The murals are beautiful. Their imagery and colors are intense and heartfelt as is the hopefulness and strength they convey, more so for their being found in this place, a community struggling against the odds and the state to be autonomous, to have their own school and clinic, their own cooperatives for their food production, their crafts and transportation. That the Zapatistas are actually practicing, with the various challenges this brings, this new way of living together in another world that they have created – makes the art we saw here, which promote these values, all the more alive. From all the murals we saw I think my favourite ones were the first one I added to this post, on the walls of a Zapatista primary school, I love the notion of an Escuela Primaria Rebelde, where from an early age children are prepared to be creative and autonomous. The image just above, outside the Oficina del Consejo Autonomo, the village assembly, is also very strong, merging the symbol of the mask with that of corn (see Kelly´s posts on Maize). But I also really enjoyed the image below, a playful use of Matisse´s work to show a group of dancing Zapatistas. This playfulness is often missed when people speak about the Zapatistas – see for instance the last few pages of the 6th Declaration of the Lacandon Jungle. Though engaged in a serious struggle that emerges in a context of 500 hundreds of years of continued oppression against Mayan communities of the region, their statements, comuniques, poetry and art, and the symbolism embodied in their repertoire of contention (see for instance their recent silent march across a number of towns in Chipas) we see a constant subversion of usual ways of understanding and doing politics.
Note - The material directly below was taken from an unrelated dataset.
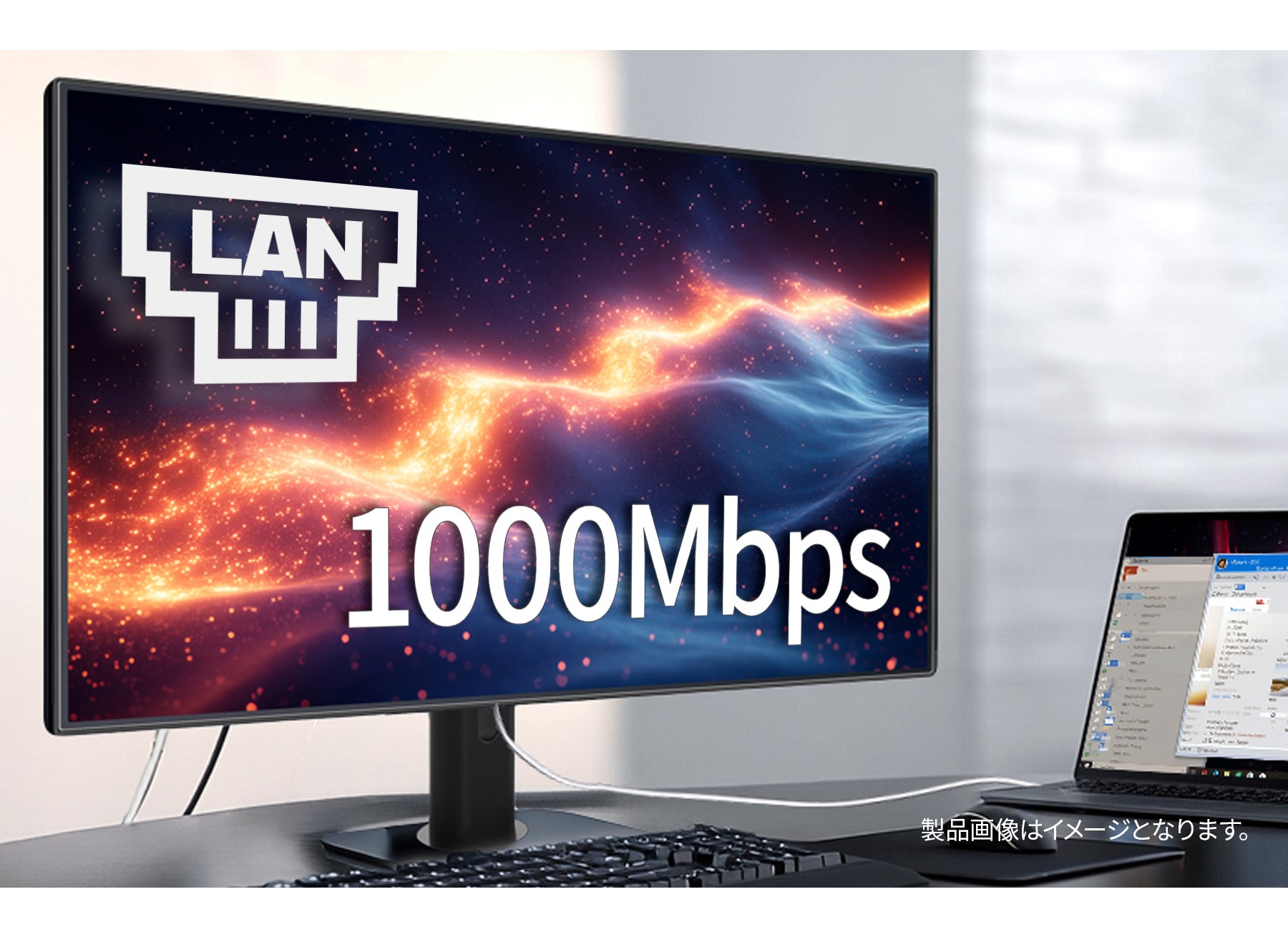 LANポートを搭載、モニターにLANケーブルを接続することで、有線の安定したネットワーク接続が可能になります。ノートPCからモニターへはUSB Type-Cケーブルを1本接続するだけで、インターネット接続と映像出力、さらには対応のノートPCへの給電も同時に行うことが可能です。*HDMI、DisplayPort接続時には、付属のUSB-B to Aケーブルを使用する必要がございます。

So what does all this have to do with our journey into enlivened ways of learning? For me this has been about reconnecting to art as another source we can learn with or from. In Alberta we began to discover how we could learn from place, from the land and from sites which were sacred for the Blackfoot. In British Columbia we began to understand how the art of the Northwest Coast carried within it stories, cultural practice and identities that have been important in processes of cultural rejuvenation. Here in Mexico we also began to see how art reflects and carries forth the political culture in which it is made, the way that relations of power (who is oppressed, by whom and how) is expressed and how images of possible futures are constructed. This has allowed us to enliven our experience of the art we see, hear and touch and suggested ways by which these other ways of expressing (see our post on literacies too) could become incorporated into how we communicate with others.